A huge mobilisation in DRC aims to vaccinate millions against yellow fever

MSF volunteers unpack boxes of yellow fever vaccine (Photo: MSF)

MSF volunteers unpack boxes of yellow fever vaccine (Photo: MSF)

The world’s largest yellow fever vaccination effort has come to the urban sprawl that is the Democratic Republic of Congo’s capital, Kinshasa, where authorities hope to vaccinate around 10.5-million people. Doctors Without Borders (MSF) is mobilising massive resources in support of this goal.

Late last year a yellow fever outbreak struck the Angolan capital Luanda, and over time cases were soon also reported in Kinshasa, leading to a total of over 400 deaths that are suspected to be part of this outbreak.

A child is vaccinated against yellow fever. (Photo: MSF)

In Kinshasa, MSF teams are responsible for vaccinating 760 000 people – 10% of the capital city’s 7.5-million vaccination target – in three health zones. In partnership with the Congolese ministry of health, MSF is running this large-scale vaccination campaign from August 17 until the end of the month. This will be the biggest yellow fever vaccination campaign that MSF has ever run.

Yellow fever is endemic in parts of Africa, including in the DRC, and the World Health Organisation estimates that up to 170 000 severe cases of yellow fever occur worldwide each year, with as many as 60 000 of those being fatal.

An acute viral haemorrhagic disease, yellow fever is transmitted by infected Aedes aegypti mosquitoes, which also transmit dengue, chikungunya and Zika. The virus attacks the liver, causing extreme jaundice and the skin and eyes to yellow.

Yellow fever cannot be cured. Treatment is limited to alleviating symptoms and vaccination is the most effective prevention method. Symptoms of the disease include fever, headache, chills and muscle pain, with some patients experiencing a more severe phase of high fever and internal bleeding. While 80% of people infected by the yellow fever virus don’t develop any symptoms, for those who do, symptoms usually disappear within three to four days. However, after recovering from initial symptoms a small percentage of patients enter a second, more toxic phase and half of them die within seven to 10 days.

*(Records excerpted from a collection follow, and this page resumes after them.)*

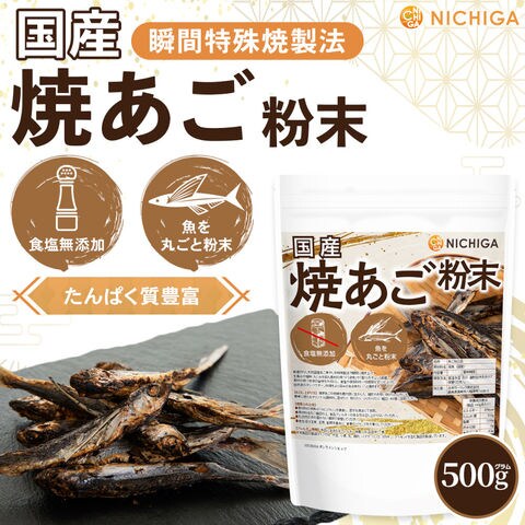 国産 焼あご粉末 500g 【送料無料】【メール便で郵便ポストにお届け】【代引不可】【時間指定不可】 瞬間特殊焼製法 魚を丸ごと粉末 食塩無添加 うま味と香りをギュッと凝縮 [05] NICHIGA(ニチガ)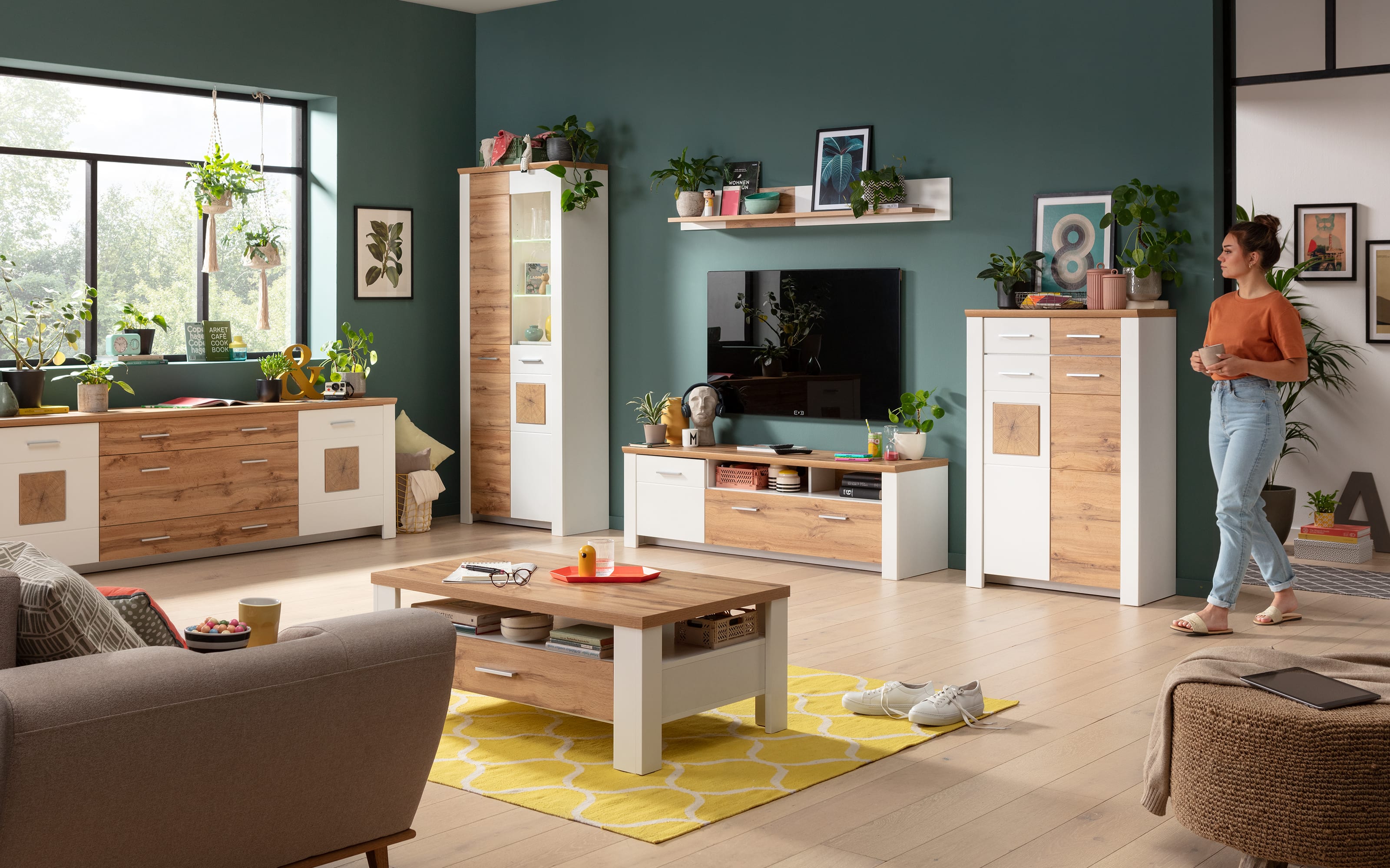 Vitrine Matera, weiß/Altholz-Nachbildung, 2-türig, inkl. LED-Beleuchtung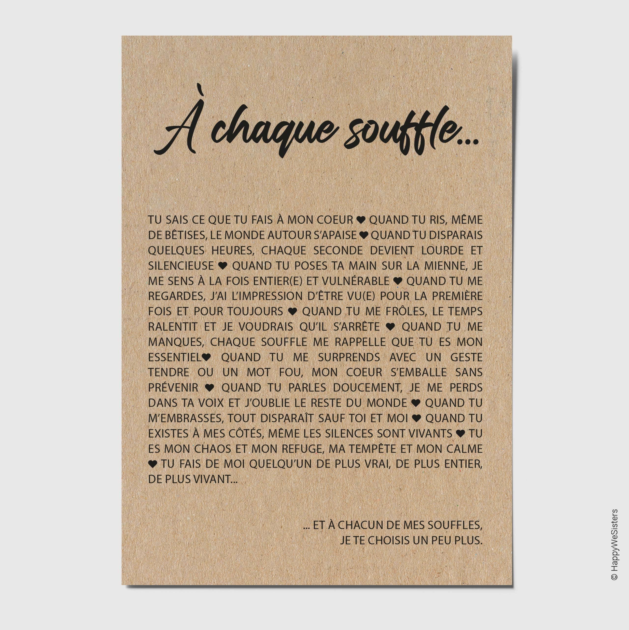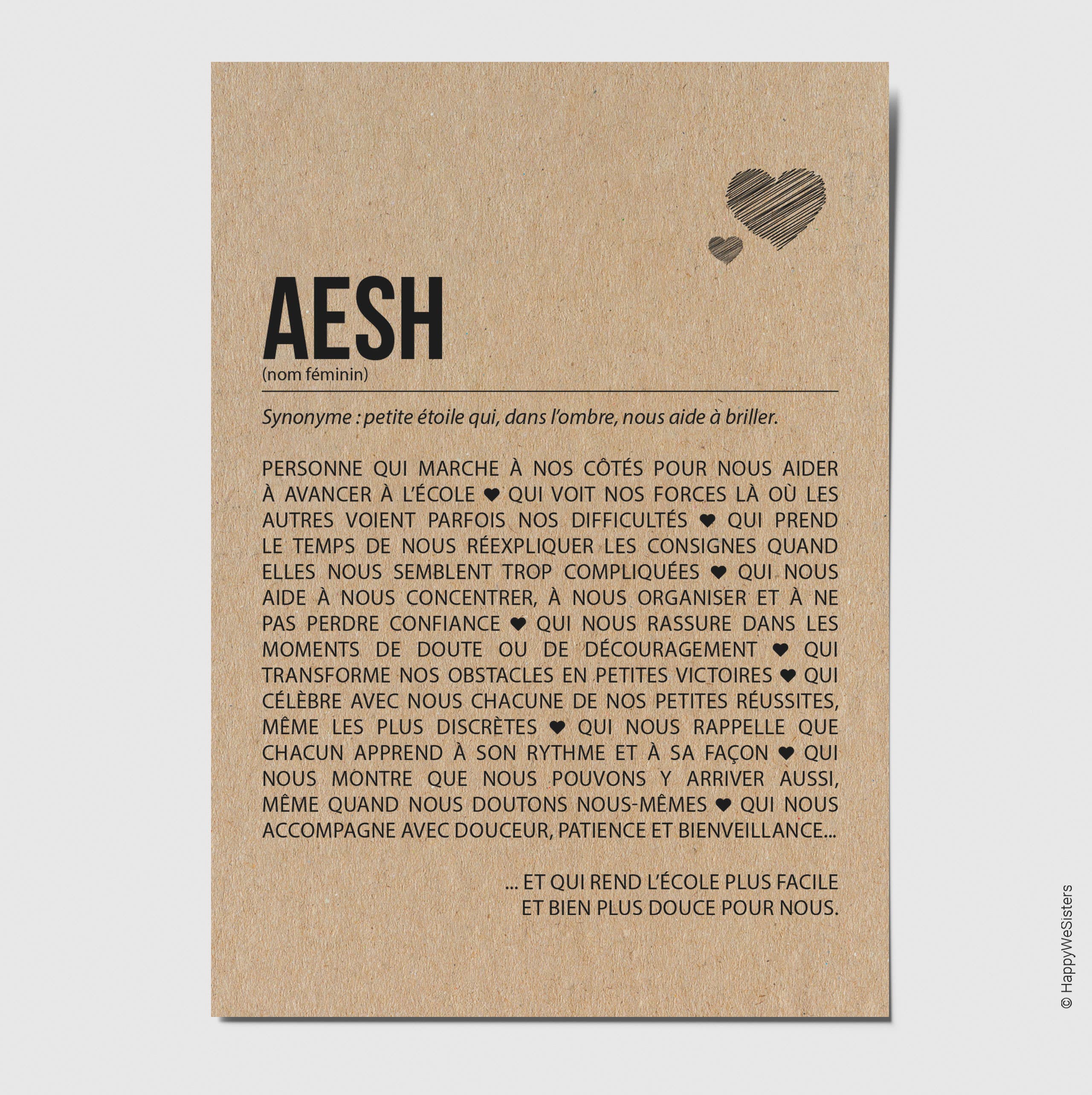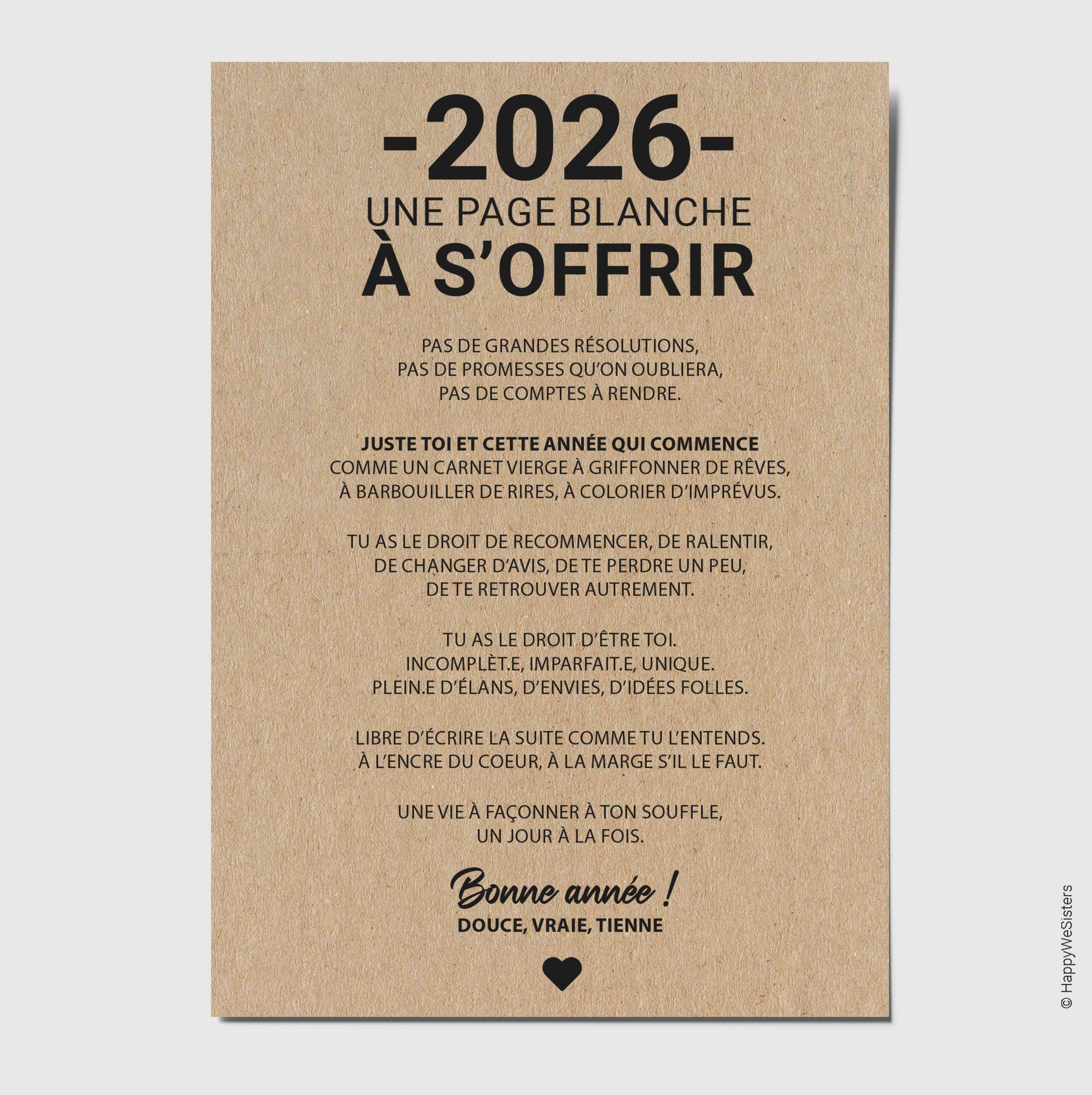 La marque HappyWeSisters est née du désir de véhiculer des messages positifs, inspirants et motivants. A travers des cartes de citations et à messages d'amitié, d'amour, d'encouragement, d'affection, permettre à chaque personne de se reconnaître, de faire le plein de bonheur et se sentir touchée en plein coeur tel est le but d'HappyWeSisters. Chaque carte est imprimée en France sur du papier naturel et éco-responsable fabriqué à base de fibres FSC® et de 10% de coques de cacao.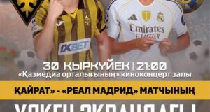 30 қыркүйек күні қазақстандық «Қайрат» футбол клубы УЕФА Чемпиондар Лигасының негізгі кезеңінде атақты испаниялық «Реал Мадрид» командасымен кездеседі. Бұл туралы Qazsport телеарнасы хабарлады. Еліміз үшін маңызды ойынды «Қазақстан» телерадиокорпорациясының «Qazaqstan» және «Qazsport» телеарналары тікелей эфирде көрсетеді. Сонымен бірге Корпорация елордалық жанкүйерлер үшін «Қазмедиа орталығының» киноконцерт залында ашық көрсетілім ұйымдастырады. Шараға түрлі саланың өкілдері, қоғам белсенділері, спортшылар мен қала тұрғындары қатысады. ...
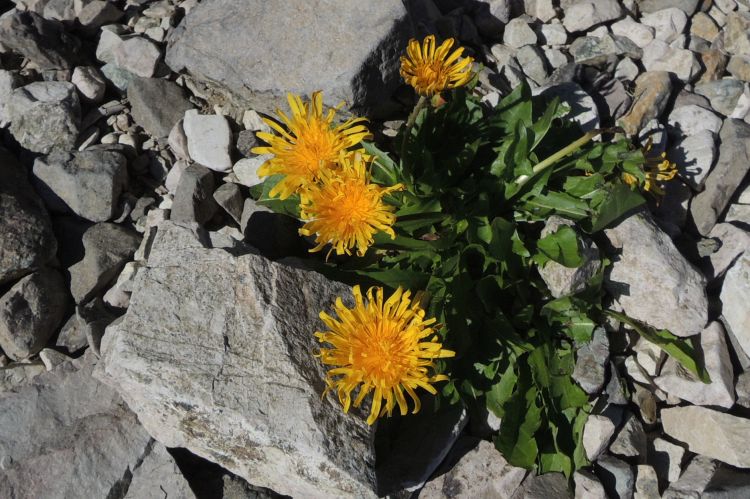 シロウマタンポポ。ミヤマタンポポの変種で、総苞の外片に小角突起がある事で区別する。確認はしていないが、シロウマタンポポということにしておく。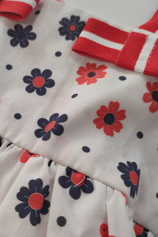 Pagliaccetto in tela di cotone fantasia floreale con fiocco applicato

In Kinshasa, MSF is currently co-ordinating the work of 100 teams of 16 people each in three of the city’s health zones to curtail the outbreak. In rolling out this campaign the MSF team is providing management, logistics and supervision as well as giving vaccines. MSF has flown in 58 international staff from 19 countries and redeployed over 100 Congolese employees working in regular projects countrywide as part of the vaccination campaign.

“Considering that there is a very safe and effective vaccine, this campaign is an essential step to containing the spread of the outbreak, but vigilance will remain crucial in the upcoming months,” says Axelle Ronsse, MSF’s emergency coordinator

A total of 1 700 staff from the Congolese ministry of health are working alongside MSF in three health zones, including nurses who are giving the vaccine shots.

MSF Southern Africa staffer Monica Genya joined the vaccination team as supply co-ordinator on the project and witnessed the huge logistical challenge of ensuring that the yellow fever vaccines remain at between 2⁰C to 8⁰C in the cold chain while hot and humid conditions prevail. The teams need to renew 4 000 ice packs and coolers in different locations and also manage the movements of a fleet of 65 vehicles travelling in densely populated neighbourhoods.

MSF teams are also responsible for training health staff to care for yellow fever patients and are preparing selected hospitals for case management. Homes are being sprayed or fumigated to combat mosquitoes carrying yellow fever.